El primero de los mencionados, visto desde la perspectiva de la finalidad del amparo, impide que se convierta en factor de inseguridad jurídica con el cual se produzca la vulneración de garantías constitucionales de terceros, como también que se desnaturalice el mismo trámite, en tanto la protección que constituye su objeto, ha de ser efectiva e inmediata ante una vulneración o amenaza actual.

Frente a este tema, la jurisprudencia de esta Sala ha sostenido que “aquellas situaciones en que el hecho violatorio del derecho fundamental no guarde razonable cercanía en el tiempo con el ejercicio de la acción, no debe, en principio, ser amparado, en parte a modo de sanción por la demora o negligencia del accionante en acudir a la jurisdicción para reclamar tal protección y, también, por evitar perjuicios, estos si actuales, a terceros que hayan derivado situaciones jurídicas de las circunstancias no cuestionadas oportunamente”.

Más adelante, la Corporación señaló: “En punto al requisito de la inmediatez, connatural a esta acción pública, precisa señalar que así como la Constitución Política, impone al Juzgador el deber de brindar protección inmediata a los derechos fundamentales, al ciudadano le asiste el deber recíproco de colaborar para el adecuado funcionamiento de la administración de justicia (ordinal 7, artículo 95 Superior), en este caso, impetrando oportunamente la solicitud tutelar, pues la demora en el ejercicio de dicha acción constitucional, puede tomarse, ora como síntoma del carácter dudoso de la lesión o puesta en peligro de los derechos fundamentales, o como señal de aceptación a lo resuelto, contrario en todo caso la urgencia, celeridad, eficacia e inmediatez inherente a la lesión o amenaza del derecho fundamental.

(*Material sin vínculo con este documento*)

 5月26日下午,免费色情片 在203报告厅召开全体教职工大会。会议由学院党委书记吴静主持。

Precisamente, en orden a procurar el cumplimiento del memorado requisito, la Sala en reiterados pronunciamientos ha considerando por término razonable para la interposición de la acción el de seis meses”. Así las cosas, el eventual afectado debe procurar acudir oportunamente a este mecanismo excepcional, pues su prolongado silencio es signo inequívoco de asentimiento frente a la decisión atacada, a lo que se adiciona que al desatender el comentado principio, la acción de tutela se puede convertir en un instrumento generador de incertidumbre e incluso de vulneración de los derechos de terceros. 2.

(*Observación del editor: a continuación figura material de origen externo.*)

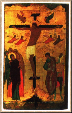 Много работ выполнил Дионисий для Ио-сифо-Волоколамского и Павло-Обнорского монастырей. В частности, для последнего он написал "Распятие", которое помещалось в иконостасе собора. Центр иконной доски, подчеркивая ее вертикаль, занимало изображение креста, на котором распят Спаситель. Поникшая голова, словно венчик увядшего цветка, раскинутые, как стебли, руки и пластично изогнутое тело создают торжественно-печальное настроение. Безмолвно застывшие фигуры предстоящих - Марии, Иоанна и пришедших с ними женщин и воина - составляют симметрично расположенные по сторонам креста скорбные группы. Им вторят фигуры ангелов в верхнем регистре и помещенные еще выше, над перекладиной креста, изображения Солнца и Луны, символизирующие космическое значение события. Ангелы, следящие за бегом небесных светил, уводят их с небосклона.

En el caso que se examina, es claro que la petición de tutela no atiende el postulado que se comenta, toda vez que los hechos sobre los cuales edifica su alegación de quebranto de las garantías fundamentales, tuvieron lugar aproximadamente un año y ocho meses antes de que formulara la petición de amparo, que se presentó el 2 de septiembre último.

En efecto, el tutelante se considera lesionado porque sin practicar las pruebas que oportunamente solicitó, se dictó sentencia en la que se ordenó seguir adelante con la ejecución, y se declararon infundados los medios exceptivos que formuló, debido a que no logró acreditar que la letra de cambio se otorgó con espacios en blanco, y se diligenció sin atender las instrucciones de su otorgante, y por lo tanto, a su juicio, se le cobra una suma que no adeuda.

De ahí, que como los fallos de primera y de segunda instancia, se profirieron el 9 de agosto de 2010 y el 3 de agosto de 2011, respectivamente, y con respecto a esta última decisión se negó su aclaración y adición mediante providencia de 7 de diciembre de 2011, debe concluirse que no se cumplió con el presupuesto de la inmediatez. En ese mismo orden, la providencia que negó la declaratoria de nulidad, solicitada por el ejecutado, con sustento en la causal contemplada en el numeral 6o del artículo 140 de la normatividad adjetiva, se dictó el 28 de enero de 2011, y por lo tanto, con respecto a la misma, tampoco se acató el principio bajo estudio.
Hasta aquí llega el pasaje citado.